Тут она так сверкнула пламенными очами, что выяснять подробнее значение "или" совершенно расхотелось, и я малодушно сел медленно выдавливать из себя по капле отчёт. Впрочем... Последние полчаса я уже ничего не писал, а, стараясь быть как можно незаметнее, прислушивался к болтовне музейных дам.
– Ой, девочки, в грудях у меня теперь по утрам стеснение какое-то жуткое чувствуется, а пониз живота наоборот, всю прямо распирает, – говорила хранительница отдела стекла и фарфора.
– Да-да, у меня совершенно тоже самое, только наоборот! По вечерам в грудях всю распирает, а внизу такое стеснение делается, как будто молодой Ален Делон за жопу меня ручищей своей по-пролетарски крепко взял, – вторила ей её лучшая подруга, хохотушка и умница, старший экскурсовод музея.
Обе они были серьёзнейшие статные леди из водочной секции. Это собственного изобретения вашего покорного слуги классификация музейных див. За общими праздничными музейными застольями все дамы, невзирая на научные степени, вражду отделов и личные пристрастия чётко делились на два лагеря.
Девицы помоложе и понаивнее, падающие в глубокие обмороки от слова "член" и ещё верящие в любовь, рыцарей и первый поцелуй, располагались в винной половине длинного праздничного стола. Там курились тонкие ароматизированные сигаретки, хлопали пробки шампанского, лилось в бокалы полусухое и прочие несерьёзные напитки. Закусывали они исключительно штучными тонкими ломтиками сыра и оливками.
Дамы же постарше и помудрее, говорившие, что любовь придумали паскудники французы с исключительной целью - не платить, сидели в водочной секции.

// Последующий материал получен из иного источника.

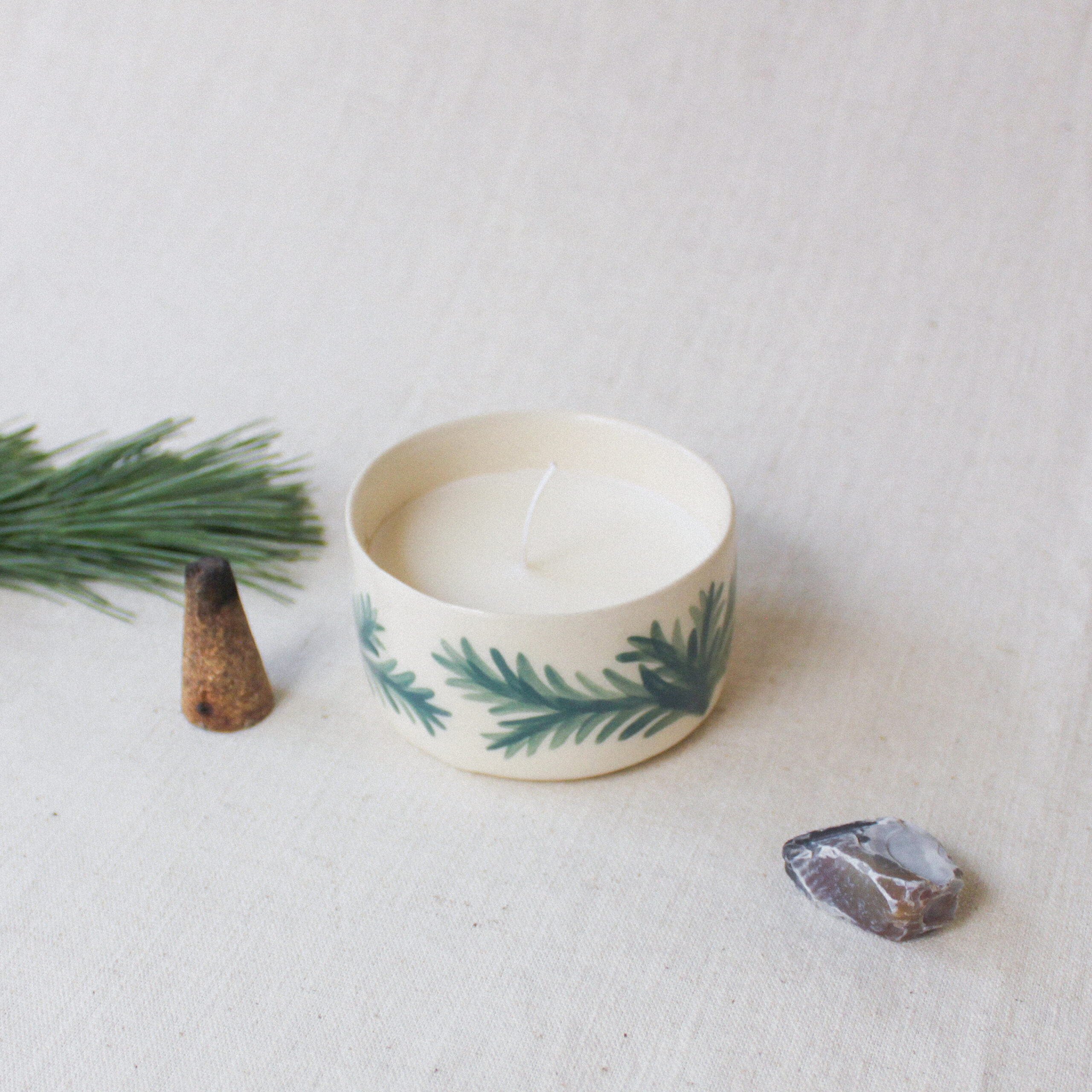 Candle with Pine Bough

Они с густопсовым романтизмом уже давно свели все счёты и, понимая, что мужчина - это всего лишь просто уютное украшение домашнего интерьера, употребляли исключительно беленькую, заедали её обильно жирным и курили крепчайшие папиросы.
Делением мест за столом дело не ограничивалось. Линия фронта проходила куда как философичнее. Как-то, зайдя в фонды и спонтанно решив встряхнуть это сонное царство учёта и систематизации, я глупо пошутил:
– Милые дамы, слыхали? А в "Дубках" снова сексуальный маньяк лютует!
Царство учёта всколыхнулось... Винная секция зажимала носики пальчиками, оттопыривала мизинчики и говорила: "Фу!.. Фи, как не культурно! Ах, насилие! Ах, жестокость! Ах, ночь и луна... Ах, а он свои жертвы прямо в губы целует? Ну... перед этим?.." Водочная же секция, непомерно оживившись, осаживала винную: "Дуры наивные, это же наш человек. У него наверняка и жена есть, и любовница есть, а ему всё мало. Он в парк идёт, он секса хочет!" И живо интересовалась у меня слухами о предположительном графике дежурства маньяка в парке. После, затеяв жаркий спор о способах применения женских хитростей для принуждения маньячилы к насилию сразу двух и более персон, чаровницы тут же перекинулись на обсуждение предпочтительных фасонов нижнего белья, наиболее удобного для действий насильственного порядка в лесополосах.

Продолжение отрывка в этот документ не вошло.